(Dataset excerpts)
==================================================

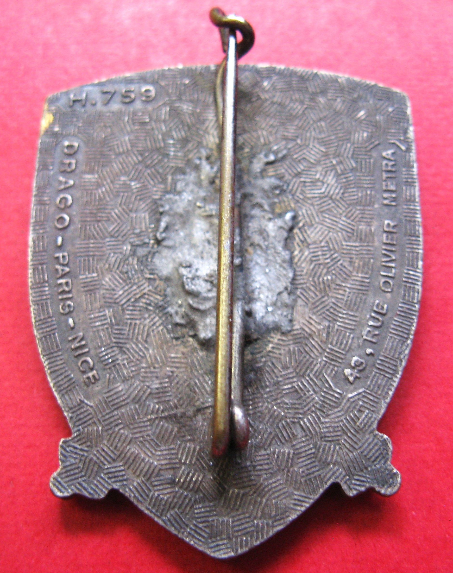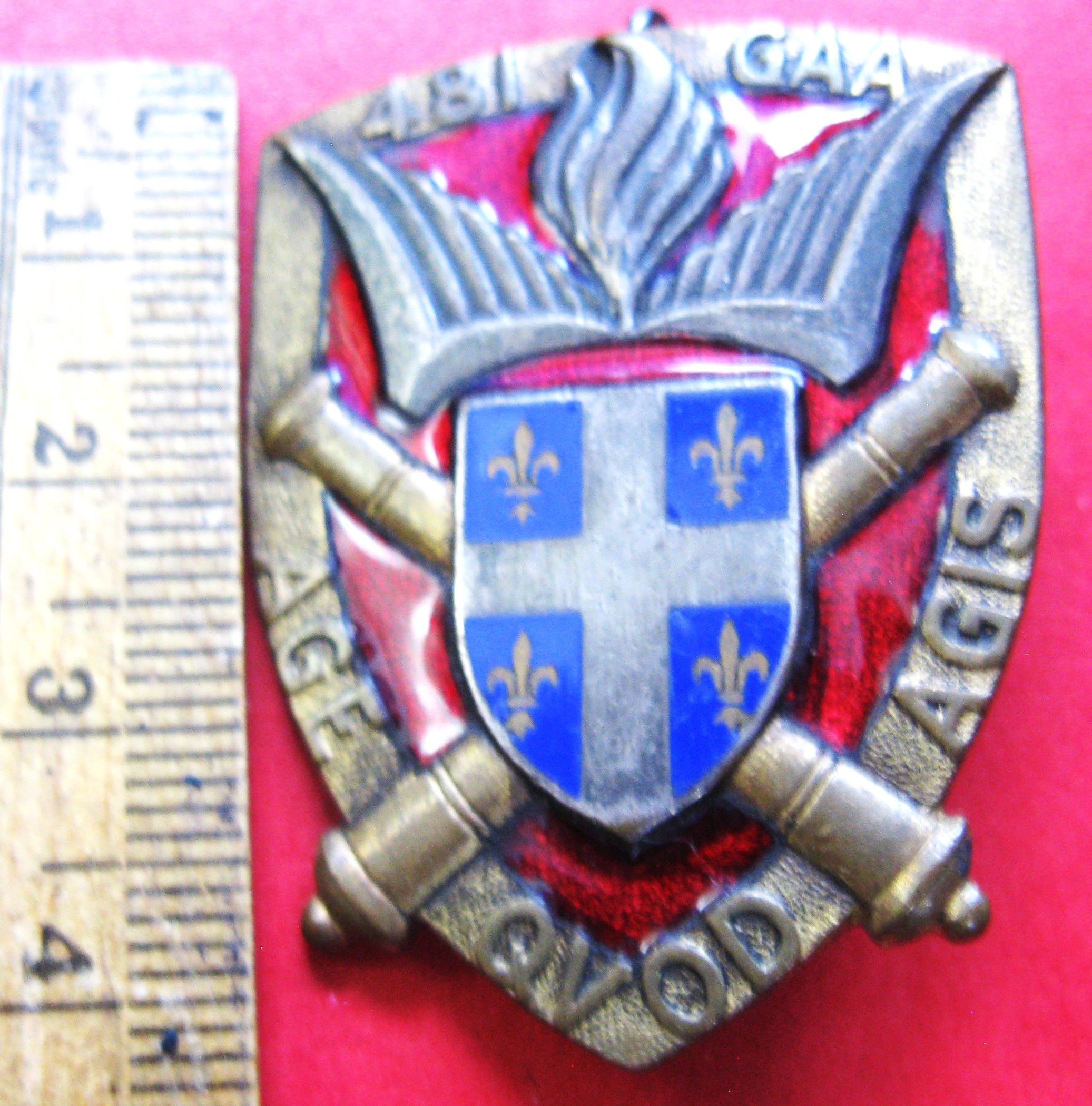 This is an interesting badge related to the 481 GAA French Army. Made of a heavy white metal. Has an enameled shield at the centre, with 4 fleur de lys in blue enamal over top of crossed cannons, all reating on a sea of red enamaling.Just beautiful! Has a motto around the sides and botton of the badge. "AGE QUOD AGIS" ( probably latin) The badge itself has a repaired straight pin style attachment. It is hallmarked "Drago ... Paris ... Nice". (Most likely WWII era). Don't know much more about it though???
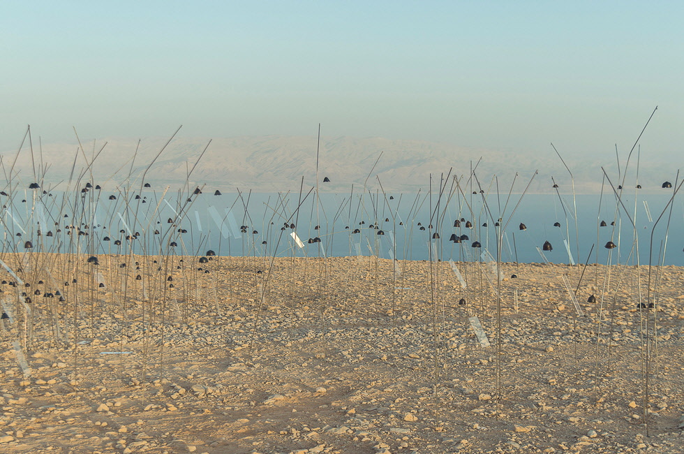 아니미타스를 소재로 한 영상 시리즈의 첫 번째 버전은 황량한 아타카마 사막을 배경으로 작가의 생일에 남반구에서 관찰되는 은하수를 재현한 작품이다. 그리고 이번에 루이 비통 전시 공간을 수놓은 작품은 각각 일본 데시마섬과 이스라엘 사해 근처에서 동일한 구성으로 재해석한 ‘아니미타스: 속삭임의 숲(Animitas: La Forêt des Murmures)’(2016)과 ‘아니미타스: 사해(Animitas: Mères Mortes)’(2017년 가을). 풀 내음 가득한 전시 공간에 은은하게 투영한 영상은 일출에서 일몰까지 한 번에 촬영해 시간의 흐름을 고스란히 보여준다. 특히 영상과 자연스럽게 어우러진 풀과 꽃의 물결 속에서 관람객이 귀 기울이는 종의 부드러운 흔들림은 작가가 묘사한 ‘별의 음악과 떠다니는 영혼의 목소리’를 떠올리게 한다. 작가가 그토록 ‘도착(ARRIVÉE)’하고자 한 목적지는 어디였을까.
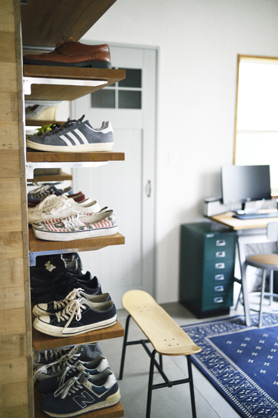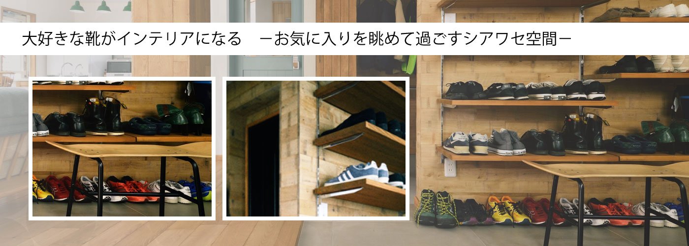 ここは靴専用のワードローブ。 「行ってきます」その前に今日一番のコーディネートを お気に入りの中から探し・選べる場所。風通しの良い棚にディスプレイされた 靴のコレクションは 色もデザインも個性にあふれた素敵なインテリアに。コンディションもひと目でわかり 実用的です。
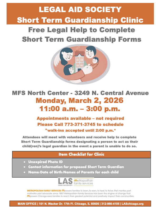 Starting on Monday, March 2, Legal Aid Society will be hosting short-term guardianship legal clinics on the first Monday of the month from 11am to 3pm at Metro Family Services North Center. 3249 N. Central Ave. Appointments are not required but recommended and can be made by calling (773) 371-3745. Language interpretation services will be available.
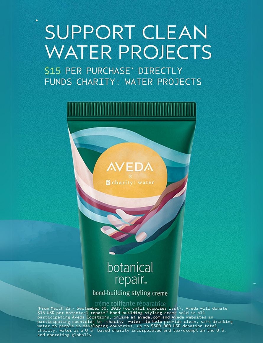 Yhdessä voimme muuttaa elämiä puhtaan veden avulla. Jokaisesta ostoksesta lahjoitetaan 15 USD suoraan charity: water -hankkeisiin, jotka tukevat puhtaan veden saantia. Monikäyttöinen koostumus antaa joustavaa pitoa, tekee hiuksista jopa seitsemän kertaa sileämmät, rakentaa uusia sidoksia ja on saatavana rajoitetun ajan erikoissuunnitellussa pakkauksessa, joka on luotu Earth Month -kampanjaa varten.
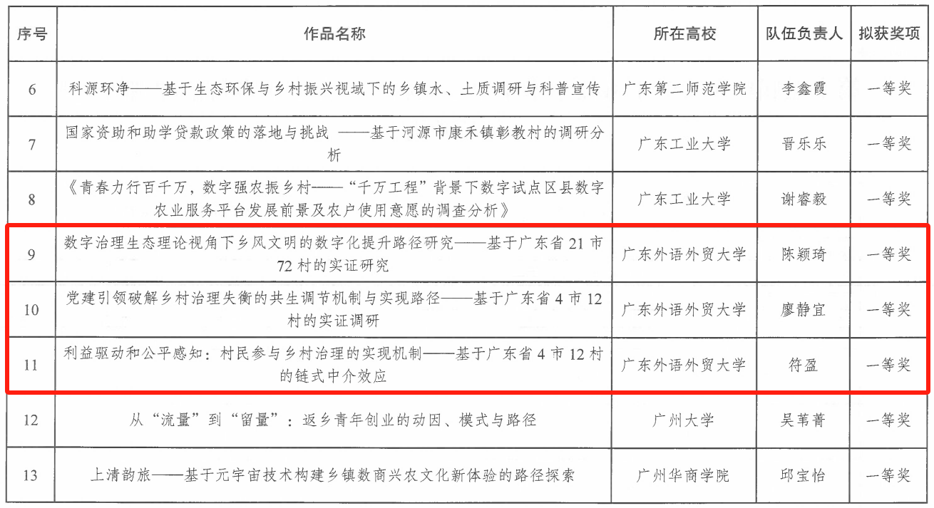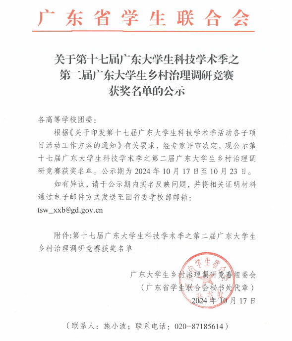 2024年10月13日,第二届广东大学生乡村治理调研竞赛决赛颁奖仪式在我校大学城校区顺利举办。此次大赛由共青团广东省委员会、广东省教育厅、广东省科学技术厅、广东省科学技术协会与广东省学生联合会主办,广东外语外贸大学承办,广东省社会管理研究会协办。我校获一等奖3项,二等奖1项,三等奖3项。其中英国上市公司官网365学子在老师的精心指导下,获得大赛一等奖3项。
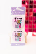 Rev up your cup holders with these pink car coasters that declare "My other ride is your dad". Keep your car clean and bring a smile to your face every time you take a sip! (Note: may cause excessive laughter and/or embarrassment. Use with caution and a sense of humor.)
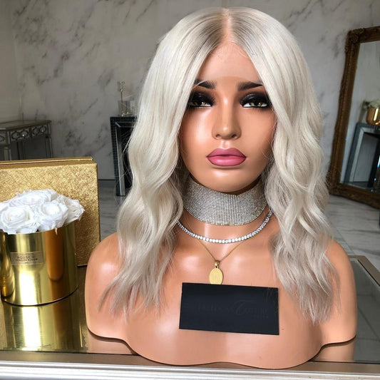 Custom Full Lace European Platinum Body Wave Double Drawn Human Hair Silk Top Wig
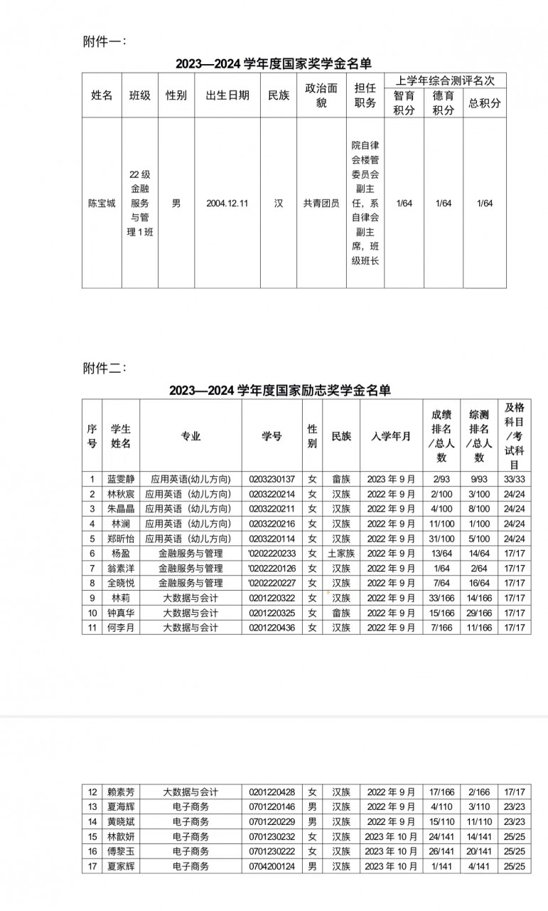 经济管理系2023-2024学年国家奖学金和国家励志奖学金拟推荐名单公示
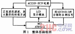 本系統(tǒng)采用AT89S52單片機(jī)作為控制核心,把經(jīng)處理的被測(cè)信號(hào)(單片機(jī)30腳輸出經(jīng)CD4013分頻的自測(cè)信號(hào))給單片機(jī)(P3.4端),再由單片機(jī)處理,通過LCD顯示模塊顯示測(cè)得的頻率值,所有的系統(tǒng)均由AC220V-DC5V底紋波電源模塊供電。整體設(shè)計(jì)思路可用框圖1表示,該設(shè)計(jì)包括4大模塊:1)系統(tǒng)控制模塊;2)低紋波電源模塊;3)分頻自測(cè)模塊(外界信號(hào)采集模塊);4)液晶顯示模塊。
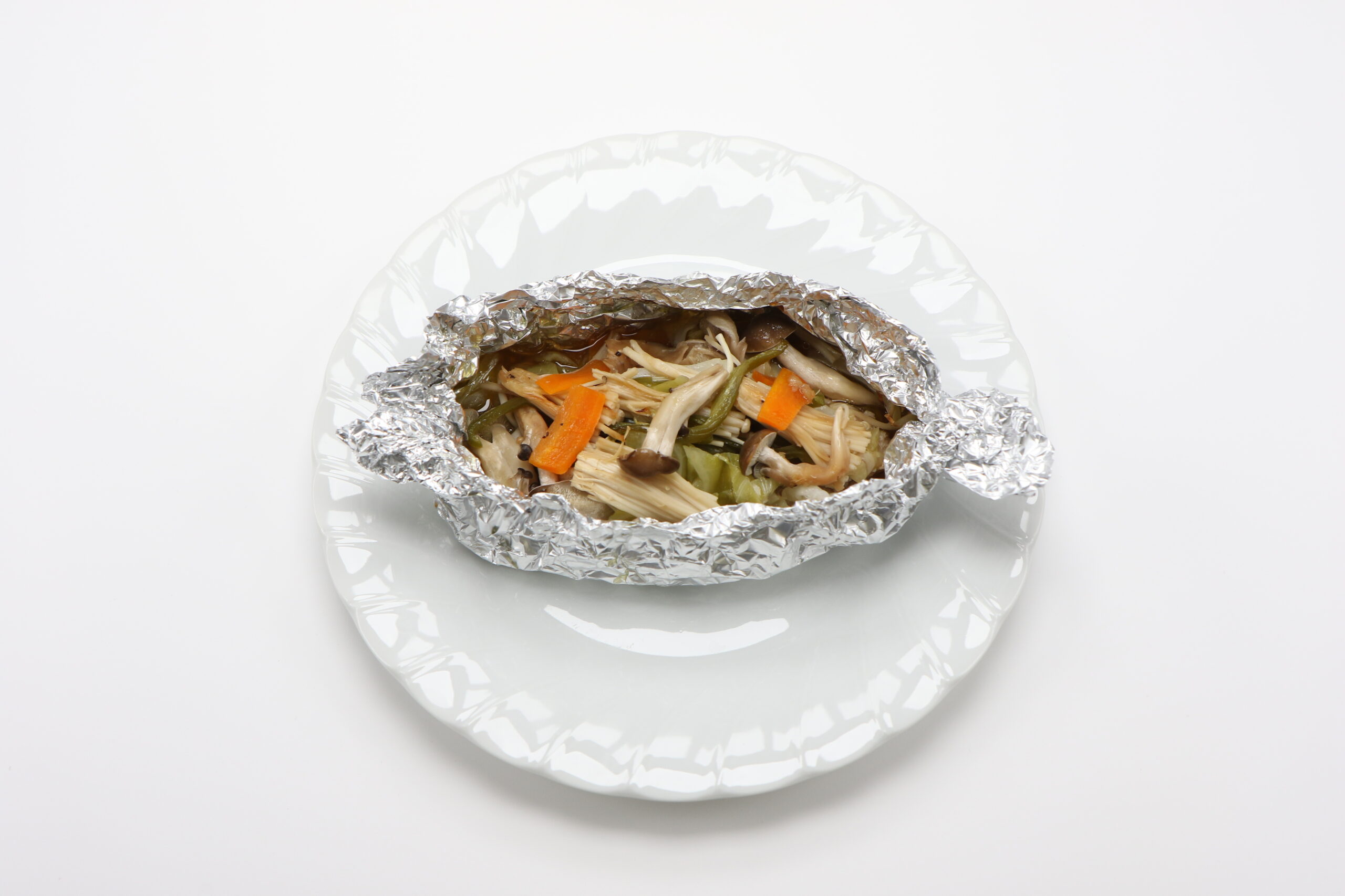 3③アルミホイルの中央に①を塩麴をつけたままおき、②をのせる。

==================================================

A word-for-word copy of the lines from the one with "Starting on Monday, March" through the last line of the data above is required, with both end lines included and no pictures.

Exercise response:
 Starting on Monday, March 2, Legal Aid Society will be hosting short-term guardianship legal clinics on the first Monday of the month from 11am to 3pm at Metro Family Services North Center. 3249 N. Central Ave. Appointments are not required but recommended and can be made by calling (773) 371-3745. Language interpretation services will be available.
 Yhdessä voimme muuttaa elämiä puhtaan veden avulla. Jokaisesta ostoksesta lahjoitetaan 15 USD suoraan charity: water -hankkeisiin, jotka tukevat puhtaan veden saantia. Monikäyttöinen koostumus antaa joustavaa pitoa, tekee hiuksista jopa seitsemän kertaa sileämmät, rakentaa uusia sidoksia ja on saatavana rajoitetun ajan erikoissuunnitellussa pakkauksessa, joka on luotu Earth Month -kampanjaa varten.
 2024年10月13日,第二届广东大学生乡村治理调研竞赛决赛颁奖仪式在我校大学城校区顺利举办。此次大赛由共青团广东省委员会、广东省教育厅、广东省科学技术厅、广东省科学技术协会与广东省学生联合会主办,广东外语外贸大学承办,广东省社会管理研究会协办。我校获一等奖3项,二等奖1项,三等奖3项。其中英国上市公司官网365学子在老师的精心指导下,获得大赛一等奖3项。
 Rev up your cup holders with these pink car coasters that declare "My other ride is your dad". Keep your car clean and bring a smile to your face every time you take a sip! (Note: may cause excessive laughter and/or embarrassment. Use with caution and a sense of humor.)
 Custom Full Lace European Platinum Body Wave Double Drawn Human Hair Silk Top Wig
 经济管理系2023-2024学年国家奖学金和国家励志奖学金拟推荐名单公示
 本系統(tǒng)采用AT89S52單片機(jī)作為控制核心,把經(jīng)處理的被測(cè)信號(hào)(單片機(jī)30腳輸出經(jīng)CD4013分頻的自測(cè)信號(hào))給單片機(jī)(P3.4端),再由單片機(jī)處理,通過LCD顯示模塊顯示測(cè)得的頻率值,所有的系統(tǒng)均由AC220V-DC5V底紋波電源模塊供電。整體設(shè)計(jì)思路可用框圖1表示,該設(shè)計(jì)包括4大模塊:1)系統(tǒng)控制模塊;2)低紋波電源模塊;3)分頻自測(cè)模塊(外界信號(hào)采集模塊);4)液晶顯示模塊。
 3③アルミホイルの中央に①を塩麴をつけたままおき、②をのせる。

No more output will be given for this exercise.